Ohio-based company located in Cincinnati In a Series A round-headed by Sierra Ventures and including Bowery Capital and Epic Ventures, the data observability and traceability platform Pantomath said today that it had secured $14 million.
Somesh Saxena, founder and CEO of Pantomath, said the additional funding would increase the company’s platform and personnel, particularly focusing on recruiting across the engineering, product, customer success, marketing, and sales divisions.
“Organizations continuously strive to be more data-driven, building reports, analytics, and data pipelines across the modern data stack,” Saxena added. “Unfortunately, most suffer from data dependability concerns, which can result in subpar business choices and a lack of faith in data as a whole, both of which hurt a company’s bottom line. The human reverse engineering of complicated data pipelines across several platforms to determine the root cause and comprehend the consequences is a labor-intensive and time-consuming procedure that involves numerous teams.
He’s not mistaken. In the last two years, 45% of data executives reported data pipeline failures up to 25 times, mostly due to poor data quality or mistakes that weren’t caught in time, according to a recent Censuswide study. Of those, 45% claimed that the failures negatively impacted their clients’ experience.

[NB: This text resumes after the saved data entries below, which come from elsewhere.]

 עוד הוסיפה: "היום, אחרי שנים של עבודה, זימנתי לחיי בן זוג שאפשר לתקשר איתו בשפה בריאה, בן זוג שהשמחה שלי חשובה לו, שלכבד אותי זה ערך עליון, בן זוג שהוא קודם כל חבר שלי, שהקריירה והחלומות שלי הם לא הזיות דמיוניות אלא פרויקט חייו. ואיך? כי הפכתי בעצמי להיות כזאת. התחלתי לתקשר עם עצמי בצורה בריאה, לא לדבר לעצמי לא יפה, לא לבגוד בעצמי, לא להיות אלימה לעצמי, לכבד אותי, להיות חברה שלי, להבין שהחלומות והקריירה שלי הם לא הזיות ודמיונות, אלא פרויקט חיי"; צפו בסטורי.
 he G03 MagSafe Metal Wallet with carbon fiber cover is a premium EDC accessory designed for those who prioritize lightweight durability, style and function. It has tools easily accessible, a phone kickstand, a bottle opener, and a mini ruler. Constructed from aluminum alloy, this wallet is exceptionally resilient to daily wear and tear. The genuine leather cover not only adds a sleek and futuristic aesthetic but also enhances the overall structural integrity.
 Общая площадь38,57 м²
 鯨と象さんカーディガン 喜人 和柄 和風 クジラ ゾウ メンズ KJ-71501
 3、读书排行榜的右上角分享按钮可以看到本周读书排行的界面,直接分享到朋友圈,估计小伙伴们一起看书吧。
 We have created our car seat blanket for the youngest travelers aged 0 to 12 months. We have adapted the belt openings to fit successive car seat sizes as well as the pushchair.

After overseeing multiple big data and analytics initiatives inside GE Aerospace, Saxena started Pantomath in March 2022. With Pantomath, he aimed to create a platform for data pipeline observability and traceability that would enhance dependability while automating some data activities.
Currently, Pantomath allows businesses to monitor warnings for data quality concerns, troubleshoot with logs and autonomous impact evaluations, find the issue’s main cause, and fix it.

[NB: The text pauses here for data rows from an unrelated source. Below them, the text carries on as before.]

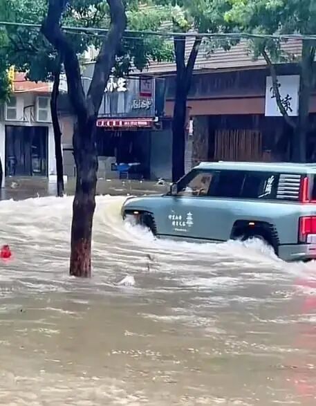 现场视频显示,越野车所经之处激起的水浪重重撞击路边商铺,有店铺的卷闸门也被水冲至变形。视频里还可清晰听到玻璃破碎的声音。后来几人将车辆拦下,指责司机“在那摇来摇去三次了。”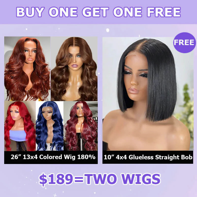 Flash Sale $189=2 Human Hair Wigs| Buy 26inch Colored Body Wave 13x4 Lace Wig Get a 4x4 Glueless Straight Bob Wig For Free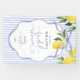 Célébrez la future mariée avec style grâce à cette collection moderne et élégante de shower de mariage Stripe Citrus, mettant en vedette des rayures classiques, un délicat cadre en forme de nœud à l'aquarelle et de fraîches illustrations de citrons peintes à la main pour un parfait touche d'élégance. Ces designs sophistiqués et intemporels sont idéaux pour un brunch de mariage, une garden-party italienne ou une soirée d'été, mêlant le charme chic du Sud à une esthétique moderne luxueuse. Ce thème de shower de mariage sur le citron donnera le ton à une célébration élégante et inoubliable ! Voir la collection entière pour plus d'articles assortis !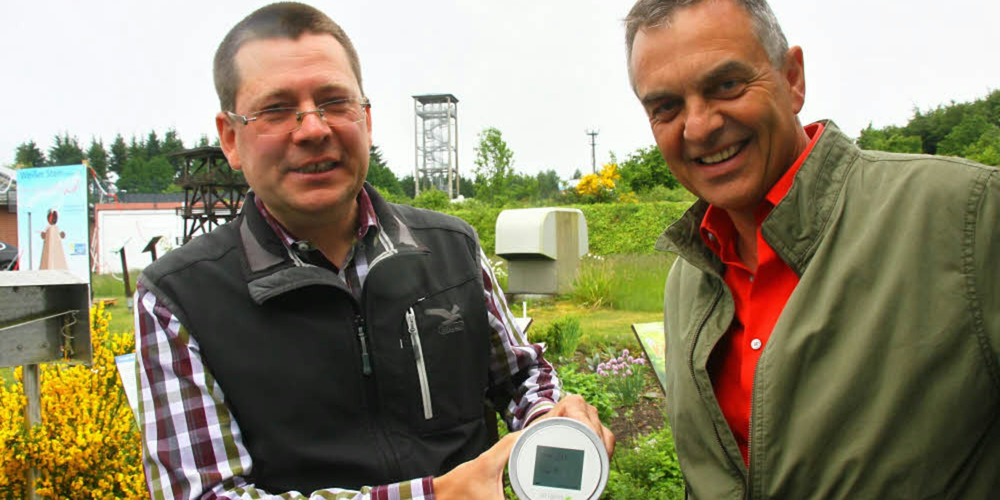 Die laut Dr. Karsten Brandt (l.) beste Luft Deutschlands atmet er mit Hellenthals Bürgermeister Rudolf Westerburg an der Wetterstation am Weißen Stein.

That could seem very similar to the plethora of other data observability systems available. See, for instance, Observe, which just obtained $50 million in debt; Metaplane, supported by Y Combinator, Acceldata, and Manta, which just received $35 million to expand its personnel and data observability capabilities.
However, Pantomath is unique, according to Saxena. According to him, other data observability solutions pay attention to data quality, keeping tabs on data volume and freshness inside datasets. On the other hand, Pantomath continuously tracks both jobs and data sets in real-time that comprise a data pipeline across various data platforms, all in the context of the data pipelines those jobs and data sets are a part of, so users know exactly what’s broken, where it’s broken, and why it’s broken.
This writer is unsure of the exact extent to which such is the case. From what Saxena reports, Pantomath appears to be attracting investors and clients.
We have ten customers, he continued, “from small and medium-sized businesses to large corporations and Fortune 500s.” Paycor, Lendly, and G&J Pepsi-Cola Bottlers are just a few of Pantomath’s more noteworthy clients. In addition, considering the enormous demand the business is experiencing, Pantomath now has a waiting list that includes numerous Fortune 500 companies.
Investors’ positive outlook on observability probably helps. Three businesses in the data observability industry raised more than $400 million in a week last year. Additionally, 650 Group predicts that the observability market will grow from $278 million in 2022 to $2 billion by 2026.
Pantomath has only successfully secured $18 million in venture funding, falling short of those legendary heights. But every new business must get off the ground.